## SUPPLIED RECORDS
□ □ □

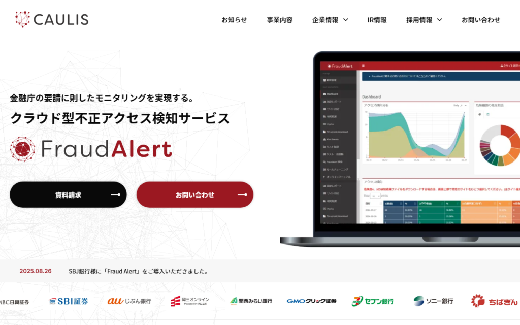 Fraud Alertは、法人向けの不正アクセス検知サービスです。200以上の要素から「本人らしさ」を機械学習でリアルタイムに判定し、不正ログイン試行を未然に検知します。 入出金モニタリングサービス「Fraud Alert 入出金検知」も正式リリースされています。... -
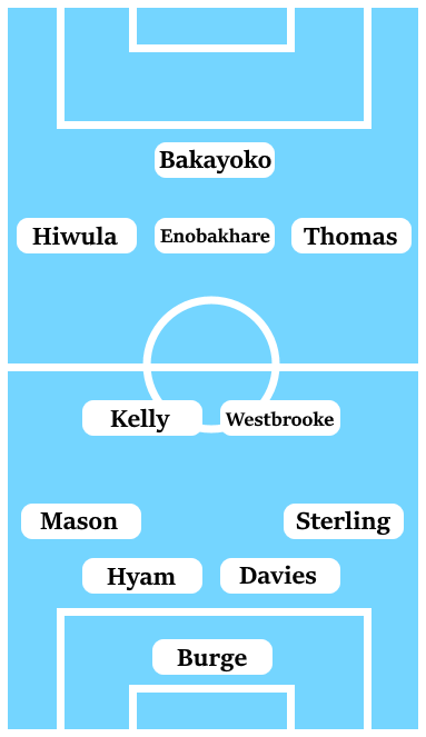 Zain Westbrooke and Jordan Shipley are the prime candidates to come into the side alongside Liam Kelly, although an ambitious option could be to start Bright Enobakhare in Bayliss’ deeper role and bring Conor Chaplin into the side as a strike partner for Amadou Bakayoko. Given what we know about Mark Robins, and with Westbrooke ear-marked as Bayliss’ long-term replacement, the former Brentford youngster seems the most likely to get the nod.
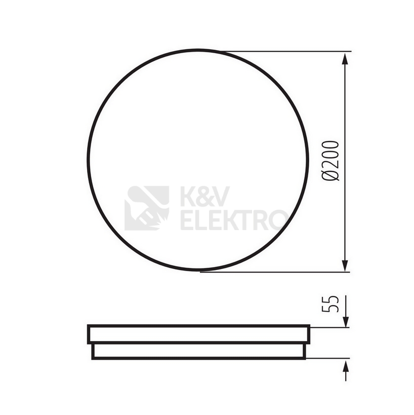 Rozměry LED svítidla jsou: výška 55 mm, Ø LED panelu 200 mm.
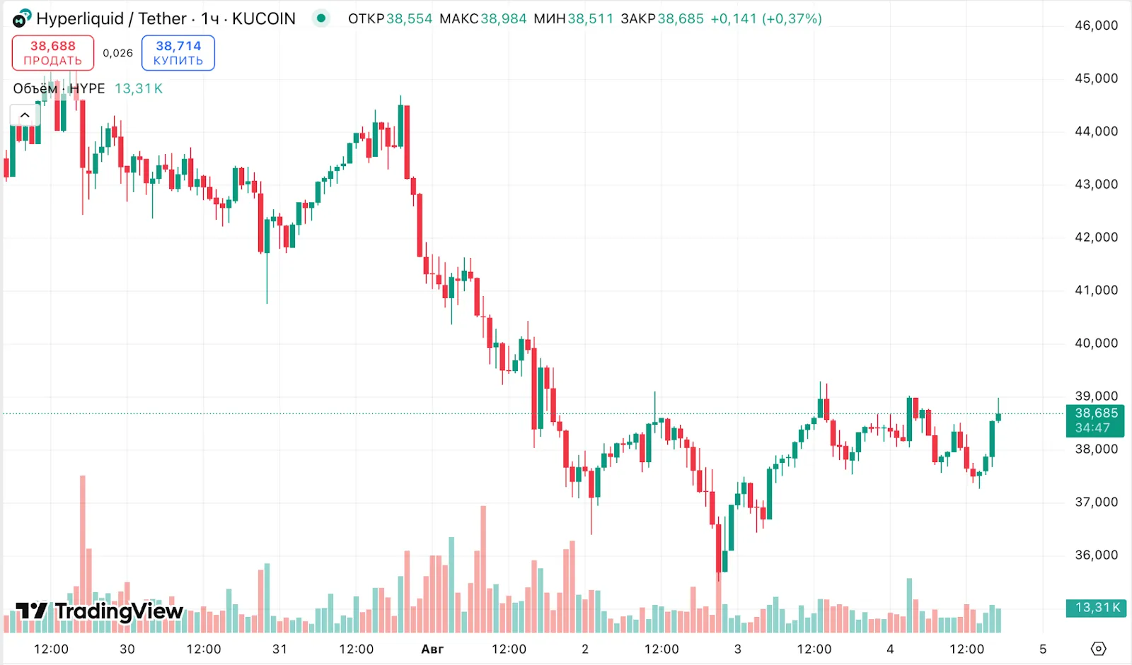 Часовой график HYPE/USDT биржи KuCoin. Источник: TradingView.
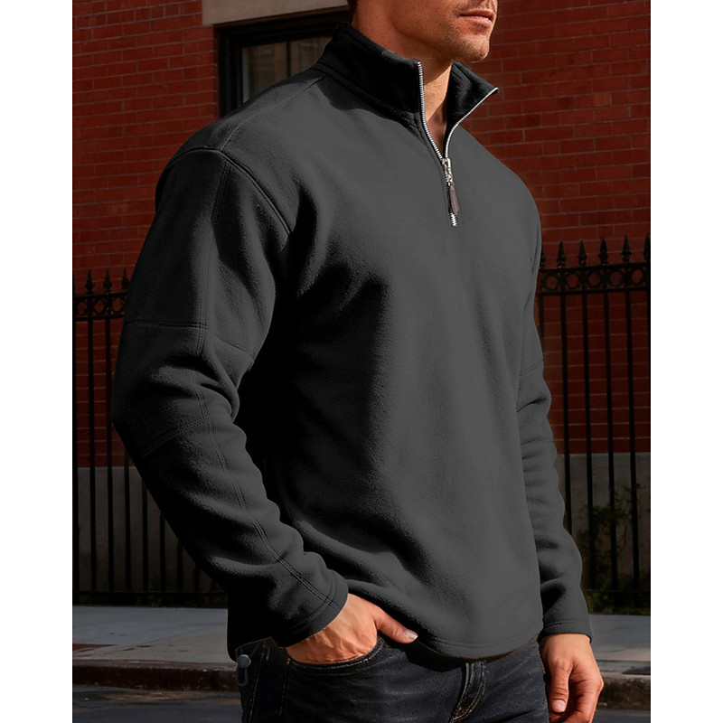 Men's Polo Shirts Quarter Zip Polo Vacation Street Quarter Zip Long Sleeve Fashion Basic Solid Color Zipper Fleece Fall Winter Regular Fit Navy Black khaki Dark Gray Coffee Polo Shirts
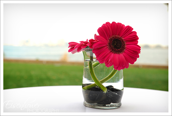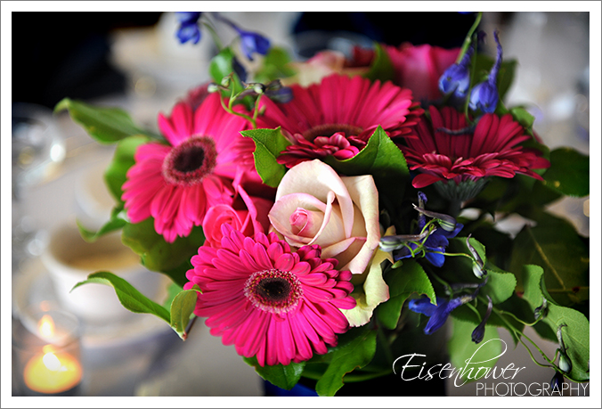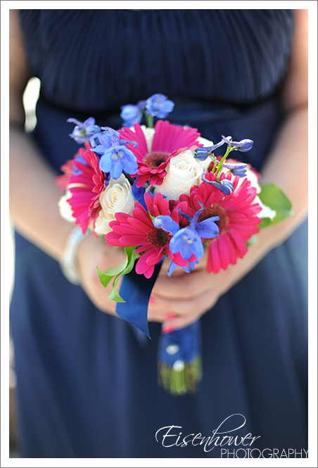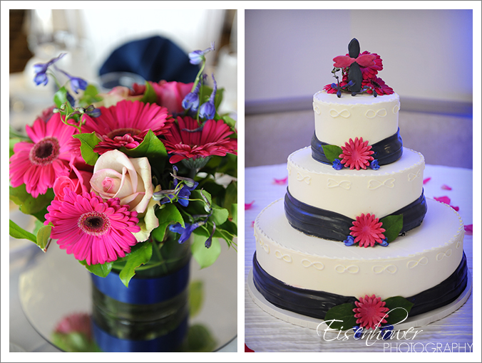 I love the unique color combination of this wedding: navy and bright pink.  The two colors are a striking combination.
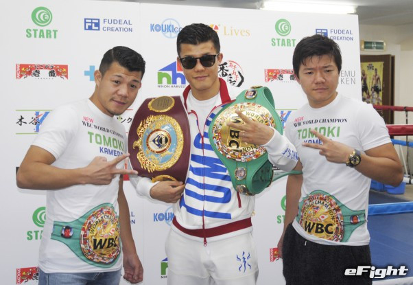 昨年11月、和毅が暫定王座を獲得した一夜明け会見での亀田三兄弟。和毅は「バルガスと戦いたい」と会見で語っていた。
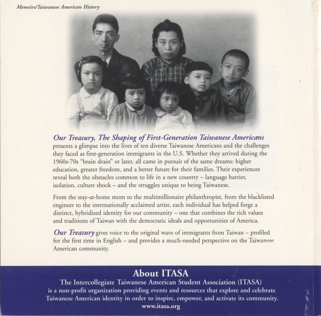 From the stay-at-home mom to the multimillionaire philanthropist, from the blacklisted engineer to the internationally acclaimed artist, each individual has helped forge a distinct, hybridized identity for our community – one that combines the rich values and traditions of Taiwan with the democratic ideals and opportunities of America. Our Treasury gives voice to the original wave of immigrants from Taiwan – profiled for the first time in English – and provides a much-needed perspective on the Taiwanese American community.
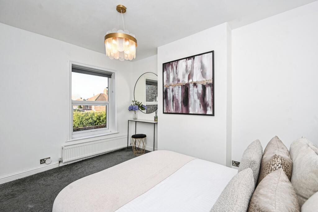 This is a three-bedroom terraced property located on Hood Lane, Great Sankey, Warrington. The property is listed for £245,000 by Purplebricks. The property benefits from its location, being close to local schools, amenities and transport links. The interior appears to be in good condition, with a modern kitchen and well-maintained living spaces. The property includes a paved garden area, providing outdoor space. Overall, this property presents a good opportunity for prospective buyers looking for a well-maintained home in a convenient location.
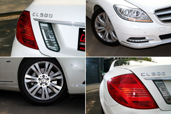 而本次試駕的CL 500 BLUEEFFICIENCY為原廠代號W216之小改款車型,在外觀部分同樣融入了Mercedes-Benz最新的家族設計語彙,全新V字型引擎進氣壩,兩側銳角化造型頭燈設計,增加了車頭造型的立體感,氣勢也更勝以往,同時也加入了LED日間行車燈點綴,以呼應時代流行,車尾部分,類似古典豪華房車的下切設計,與由前輪拱向後切劃而來的腰線相連結,將側面與車後造型修飾地富有動感氣息,同時對於龐大地車身尺碼有修飾作用,讓它有著如同利刃般的躍進感。
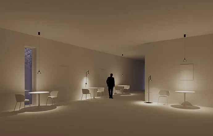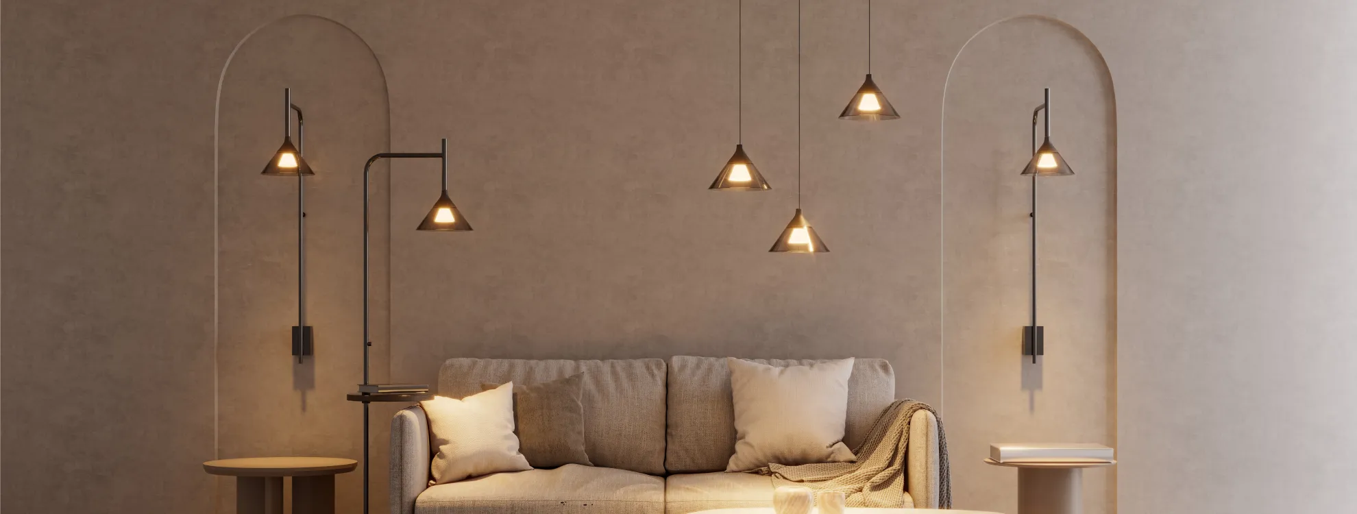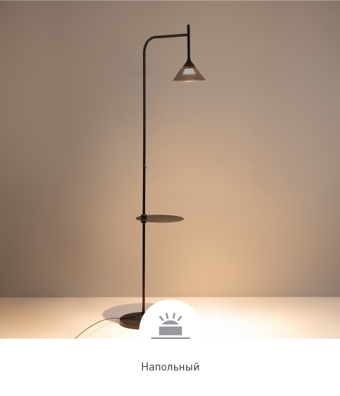 Разнообразие В серии представлены следующие виды светильников: подвесные с возможностью ручной регулировки высоты, напольные со столиком-подставкой, на котором располагается сенсорная кнопка для включения, выключения и изменения яркости света, и настенные, оснащенные накладной базой.

□ □ □

## TASK PROMPT
Only the pictures are to be left out; restate everything else in the listing word for word.

## RESPONSE
 Fraud Alertは、法人向けの不正アクセス検知サービスです。200以上の要素から「本人らしさ」を機械学習でリアルタイムに判定し、不正ログイン試行を未然に検知します。 入出金モニタリングサービス「Fraud Alert 入出金検知」も正式リリースされています。... -
 Zain Westbrooke and Jordan Shipley are the prime candidates to come into the side alongside Liam Kelly, although an ambitious option could be to start Bright Enobakhare in Bayliss’ deeper role and bring Conor Chaplin into the side as a strike partner for Amadou Bakayoko. Given what we know about Mark Robins, and with Westbrooke ear-marked as Bayliss’ long-term replacement, the former Brentford youngster seems the most likely to get the nod.
 Rozměry LED svítidla jsou: výška 55 mm, Ø LED panelu 200 mm.
 Часовой график HYPE/USDT биржи KuCoin. Источник: TradingView.
 Men's Polo Shirts Quarter Zip Polo Vacation Street Quarter Zip Long Sleeve Fashion Basic Solid Color Zipper Fleece Fall Winter Regular Fit Navy Black khaki Dark Gray Coffee Polo Shirts
 I love the unique color combination of this wedding: navy and bright pink.  The two colors are a striking combination.
 昨年11月、和毅が暫定王座を獲得した一夜明け会見での亀田三兄弟。和毅は「バルガスと戦いたい」と会見で語っていた。
 From the stay-at-home mom to the multimillionaire philanthropist, from the blacklisted engineer to the internationally acclaimed artist, each individual has helped forge a distinct, hybridized identity for our community – one that combines the rich values and traditions of Taiwan with the democratic ideals and opportunities of America. Our Treasury gives voice to the original wave of immigrants from Taiwan – profiled for the first time in English – and provides a much-needed perspective on the Taiwanese American community.
 This is a three-bedroom terraced property located on Hood Lane, Great Sankey, Warrington. The property is listed for £245,000 by Purplebricks. The property benefits from its location, being close to local schools, amenities and transport links. The interior appears to be in good condition, with a modern kitchen and well-maintained living spaces. The property includes a paved garden area, providing outdoor space. Overall, this property presents a good opportunity for prospective buyers looking for a well-maintained home in a convenient location.
 而本次試駕的CL 500 BLUEEFFICIENCY為原廠代號W216之小改款車型,在外觀部分同樣融入了Mercedes-Benz最新的家族設計語彙,全新V字型引擎進氣壩,兩側銳角化造型頭燈設計,增加了車頭造型的立體感,氣勢也更勝以往,同時也加入了LED日間行車燈點綴,以呼應時代流行,車尾部分,類似古典豪華房車的下切設計,與由前輪拱向後切劃而來的腰線相連結,將側面與車後造型修飾地富有動感氣息,同時對於龐大地車身尺碼有修飾作用,讓它有著如同利刃般的躍進感。
 Разнообразие В серии представлены следующие виды светильников: подвесные с возможностью ручной регулировки высоты, напольные со столиком-подставкой, на котором располагается сенсорная кнопка для включения, выключения и изменения яркости света, и настенные, оснащенные накладной базой.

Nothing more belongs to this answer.